→ **INSTRUCTIONS TO FOLLOW**
For this exercise, copy all the data exactly and include none of the pictures.

→ **DATA SEGMENT**

■ ■ ■ ■

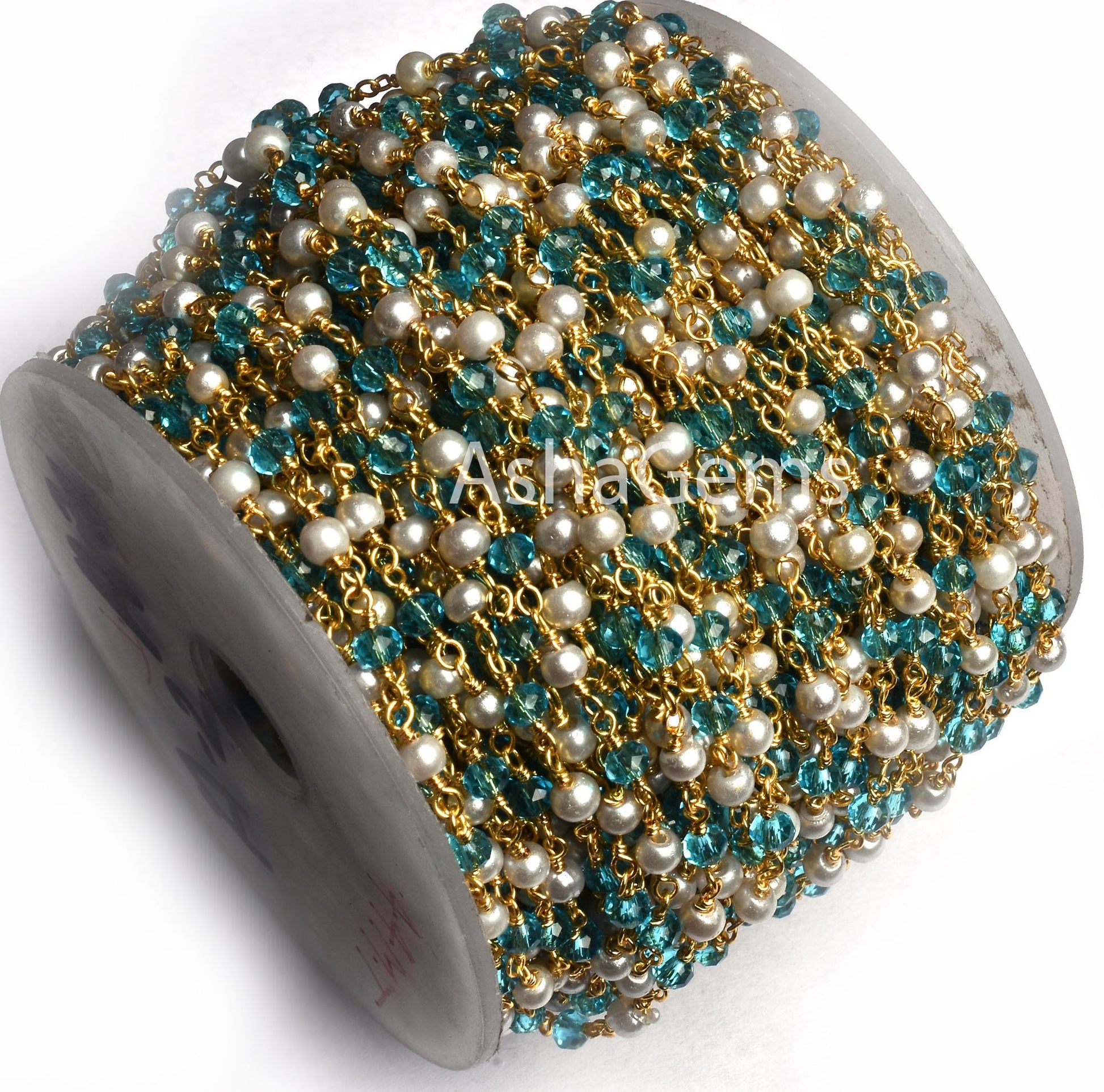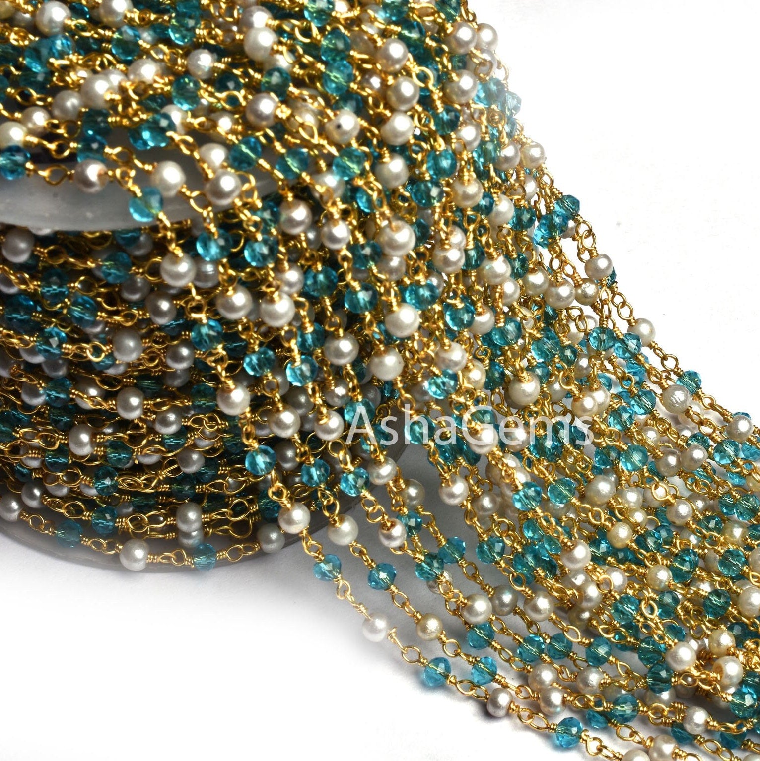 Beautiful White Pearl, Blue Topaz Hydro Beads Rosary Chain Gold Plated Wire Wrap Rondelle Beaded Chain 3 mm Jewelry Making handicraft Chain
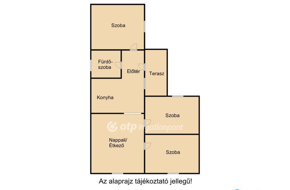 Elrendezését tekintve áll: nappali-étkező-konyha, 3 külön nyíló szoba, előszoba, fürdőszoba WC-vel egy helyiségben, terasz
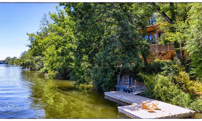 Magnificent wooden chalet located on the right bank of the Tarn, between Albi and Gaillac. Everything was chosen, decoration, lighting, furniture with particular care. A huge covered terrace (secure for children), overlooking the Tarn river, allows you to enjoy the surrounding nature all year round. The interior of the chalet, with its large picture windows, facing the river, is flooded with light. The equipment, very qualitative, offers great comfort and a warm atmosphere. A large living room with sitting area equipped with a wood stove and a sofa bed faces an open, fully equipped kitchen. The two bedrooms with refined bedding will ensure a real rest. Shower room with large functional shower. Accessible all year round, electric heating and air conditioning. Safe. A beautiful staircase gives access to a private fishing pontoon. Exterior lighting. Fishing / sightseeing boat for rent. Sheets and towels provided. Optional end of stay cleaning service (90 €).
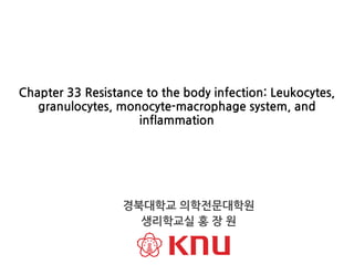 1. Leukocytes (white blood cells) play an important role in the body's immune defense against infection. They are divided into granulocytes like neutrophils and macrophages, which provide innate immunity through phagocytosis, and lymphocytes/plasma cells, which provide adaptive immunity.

■ ■ ■ ■

→ **RESPONSE TO THE EXERCISE**
 Beautiful White Pearl, Blue Topaz Hydro Beads Rosary Chain Gold Plated Wire Wrap Rondelle Beaded Chain 3 mm Jewelry Making handicraft Chain
 Elrendezését tekintve áll: nappali-étkező-konyha, 3 külön nyíló szoba, előszoba, fürdőszoba WC-vel egy helyiségben, terasz
 Magnificent wooden chalet located on the right bank of the Tarn, between Albi and Gaillac. Everything was chosen, decoration, lighting, furniture with particular care. A huge covered terrace (secure for children), overlooking the Tarn river, allows you to enjoy the surrounding nature all year round. The interior of the chalet, with its large picture windows, facing the river, is flooded with light. The equipment, very qualitative, offers great comfort and a warm atmosphere. A large living room with sitting area equipped with a wood stove and a sofa bed faces an open, fully equipped kitchen. The two bedrooms with refined bedding will ensure a real rest. Shower room with large functional shower. Accessible all year round, electric heating and air conditioning. Safe. A beautiful staircase gives access to a private fishing pontoon. Exterior lighting. Fishing / sightseeing boat for rent. Sheets and towels provided. Optional end of stay cleaning service (90 €).
 1. Leukocytes (white blood cells) play an important role in the body's immune defense against infection. They are divided into granulocytes like neutrophils and macrophages, which provide innate immunity through phagocytosis, and lymphocytes/plasma cells, which provide adaptive immunity.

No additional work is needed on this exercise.